In just one year, Drake Pooley ‘16 visited 31 countries. The one-year master’s program was operated by the University of Virginia and the Esade Business School in Spain.
“It was a challenging and eye-opening experience constantly because it was 20 Americans, 20 Europeans and 20 Asians,” Pooley said. “We all lived together.”
He shifted into his destined career field after his year of travel and now works for A.T. Kearney, a management consulting firm.
The 90-year-old firm is a part of the core group of eight global consulting firms. Pooley is based in the New York office but travels almost weekly to wherever the client is.
His first assignment was to create a platform for the retail store of the future. It required research into what the best stores in the world were doing and how they were making it work.
“My next project was to work with the World Economic Forum,” Pooley said. “This year’s report was on the future of production and how countries can better enable themselves for the fourth industrial revolution.”
Pooley looked at 80 countries and ranked them on their readiness for the future of technology and artificial intelligence. Working on something of this magnitude was thrilling and he learned a lot from the experience.
“It’s a challenging environment in a good way, and so I end up pushing myself harder than I think I can,” Pooley said. “There is such a strong focus on mentorship and strong working relationships.”
Pooley said he agrees with the saying that, “One year in consulting is three years in the real world.”
His time at Auburn prepared him for his time abroad after graduation and his time working with A.T. Kearney. He graduated with degrees in finance and international business with a focus in Chinese.
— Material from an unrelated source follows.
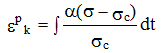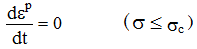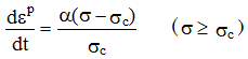 いま、σc を超えた後の塑性ひずみ速度 dεp/dt は越えた値に比例すると仮定すると

Pooley was a part of the Finance Honor Society, the Honors College, he ran for Student Government Association President and was a senator in the College of Business.
“The biggest thing that Auburn gave me was the humility to know what you don’t know and be willing to work hard to learn quickly,” Pooley said.
He sees this clearly in those who are apart of the Harbert Alumni group in New York. The one thing they all have in common is their humility. He said there is a different kind of culture that is ingrained in Auburn students.
“We aren’t the flashy kind of people that went to Harvard or go to the Hampton’s on the weekend because that’s where our parents are — we don’t have any of that,” Pooley said. “We are just known as the hard workers who are willing to stay as long as it takes to get the job done.”